You must have a 0.1uF cap between power and ground on the ATTiny (if using a breakout board, this is probably already there).
RESET ought to get get a 10k pullup to Vcc on it, though you shouldn't need it unless there are longish wires connected to reset that can pick up electrical noise; as long as the pin isn't configured to act as an I/O pin, the chip turns on the internal pullup)
Pin 5? *
Do you mean physical pin 5? (Arduino pin 0, PB0) This should definitely work (though, obviously, post your sketch so we can verify that you aren't doing something wrong there).
Arduino pin 5 (physical pin 1, PB5) is only available for GPIO if using a bootloader to program it (most often for the t85 this means a Digispark VUSB board**).

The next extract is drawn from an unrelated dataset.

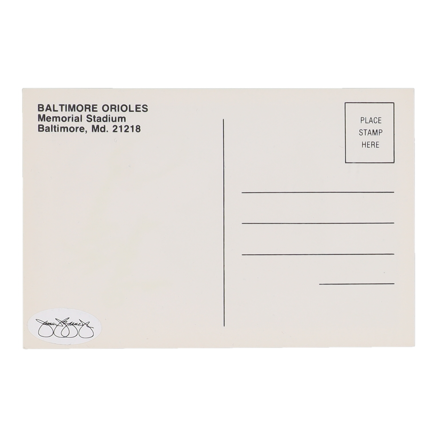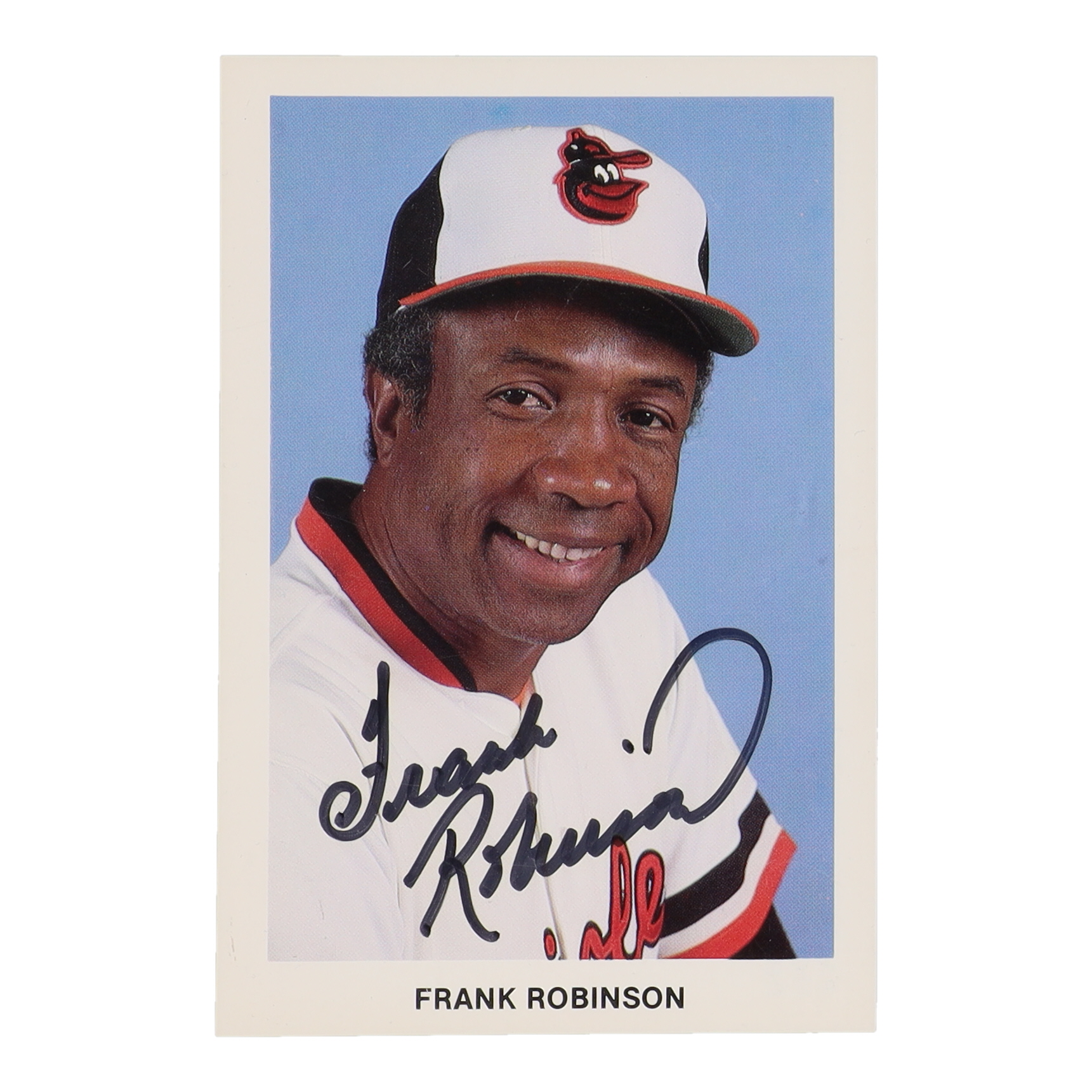 Postcard has been hand-signed by Frank Robinson (D. 2019, Baltimore Orioles, HOF).
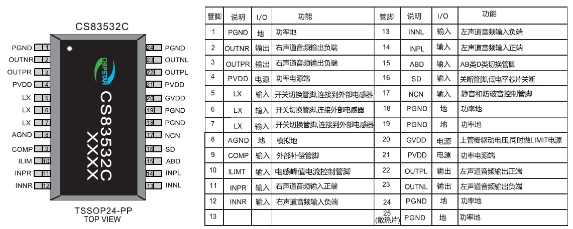 CS83532 2XW/2.7V-5.5V/4Ω TSSOP-24 2.5V-5.5V 三種防破音模式,AB/D切換,靜音控制,內(nèi)置壓模塊,恒定2 x 8W輸出功率

The timebase in the ATtiny85 (or any classic AVR) using the internal oscillator is only guaranteed to be accurate to within +/- 10%. In practice at 3.3~5v and room temperature, it is very unusual to see one more than a couple of percent out (exception: ATtiny841, 1634, and 828, which are consistently 3-4% high at 5v, but much closer at 3.3 - ATTinyCore has a workaround for this, and 1.4.0 will have considerably better workaround) - but that's still too much to be using it for timekeeping over the scale of hours. The modern AVRs (megaAVR 0-series, tinyAVR 0/1-series) are better, but they're still only within a couple %.

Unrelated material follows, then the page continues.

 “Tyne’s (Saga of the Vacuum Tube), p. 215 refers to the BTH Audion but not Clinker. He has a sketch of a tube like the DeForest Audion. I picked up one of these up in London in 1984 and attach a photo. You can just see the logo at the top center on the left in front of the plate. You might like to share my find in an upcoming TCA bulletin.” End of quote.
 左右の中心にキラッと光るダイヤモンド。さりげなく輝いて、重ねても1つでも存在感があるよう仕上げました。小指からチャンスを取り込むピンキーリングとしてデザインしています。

If you need accurate timekeeping, you need to use a crystal; ATTinyCore does support using crystal as clock source on the t85 f (most cores do not) - although since it takes 2 of the 5 pins, this is rarely done on the 8-pin parts. Crystal goes between pins PB3/PB4 (arduino pins 3, 4, physical pins 3,2), and each of those pins gets a loading cap appropriate to the crystal between that pin and ground. After connecting the crystal, you need to select crystal as clock source and "burn bootloader" from the IDE.

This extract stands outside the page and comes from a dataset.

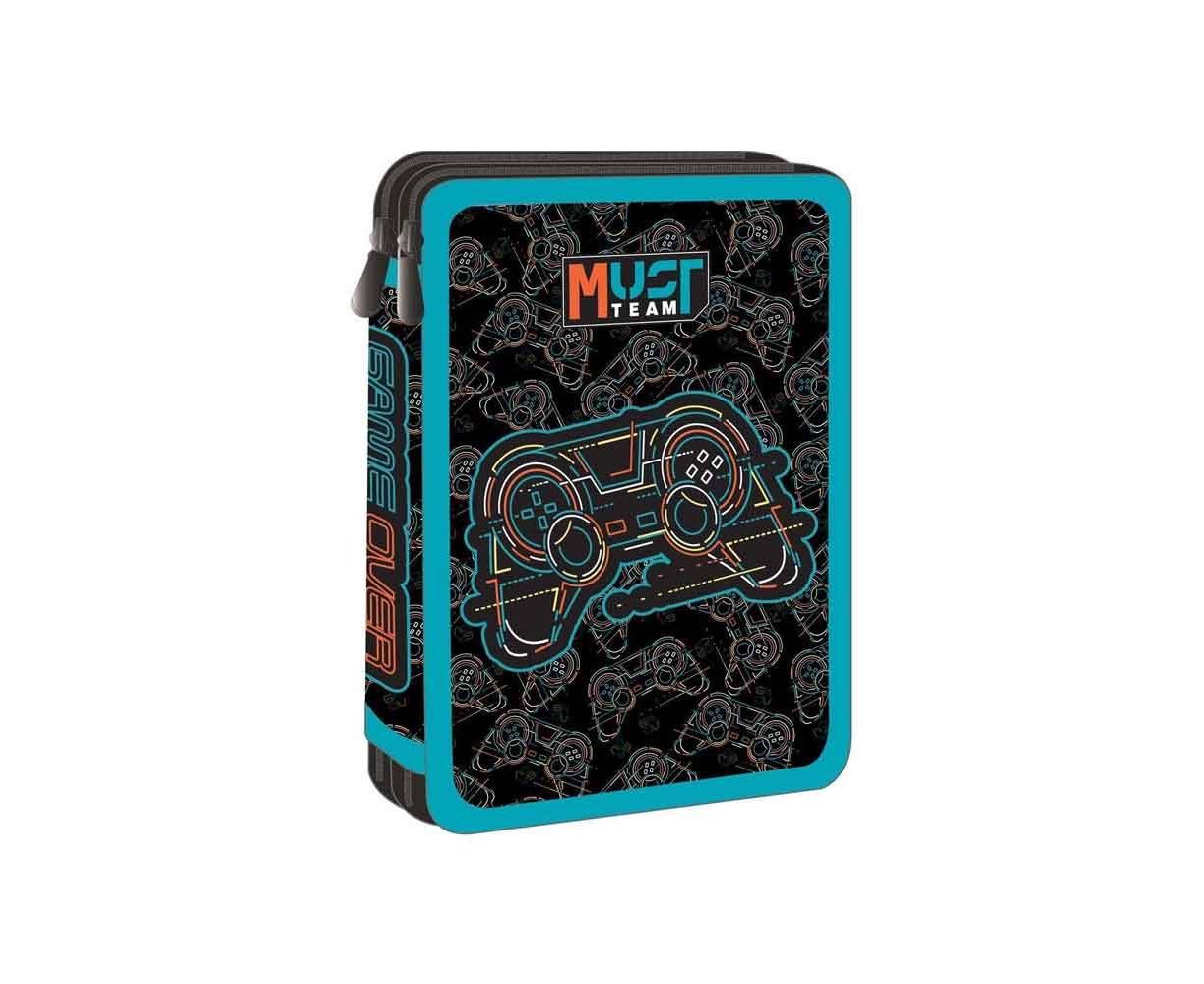 Κασετίνα Διπλή Γεμάτη Must Team Game Over, με όλη την απαραίτητη γραφική ύλη που χρειάζεται ο μαθητής.
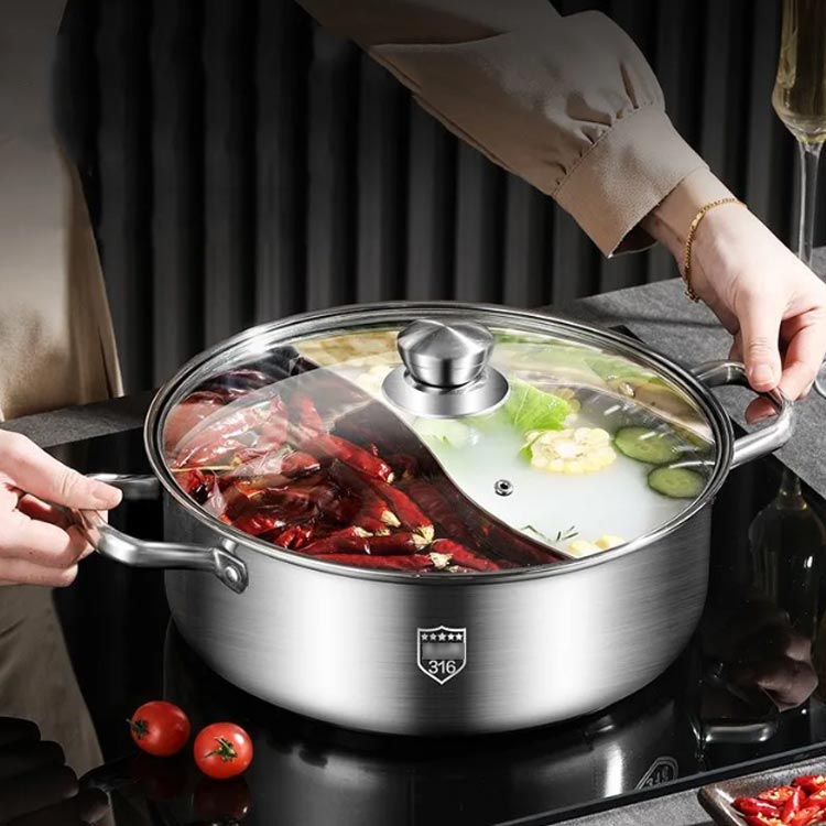 仕切り鍋 二食鍋 IH対応 二色鍋 中 28cm 30cm 32cm

Have you ruled out EMI as the source of these false pulses? (eg, if you put the same sketch on there, only omit the part that actually does the pulse every hour, do you get any false pulses? If so, that would strongly implicate EMI, that is, the cable picking up ambient electrical noise)
- General comment regarding pin naming/numbering - the most common practice I've seen is to refer to the Arduino pin number; I think it is better to refer to pins by port/bit (eg, Pxn). Note that - except on the t85 (sort-of-coincidence), you can't refer to the pits in Pxn notation, because the io headers (supplied by compiler package) already define all the Pxn's as n (ie, PB0 is defined to 0) so you can do PORTx|=1<<Pxn; and things like that. I'm pushing for PIN_Pxn defines to be defined to the arduino pin number of Pxn - it's already in my megaTinyCore, and will be in ATTinyCore once I get the 1.4.0 release out (hopefully tonight), and it's in the MCUDude cores too.
** Note that if using a VUSB ATtiny85 breakout board, assuming temperature/voltage hasn't changed from when it was last programmed, it's going to be significantly better, around 1%, since they cal the oscillator from the USB clock when you upload, and save that value.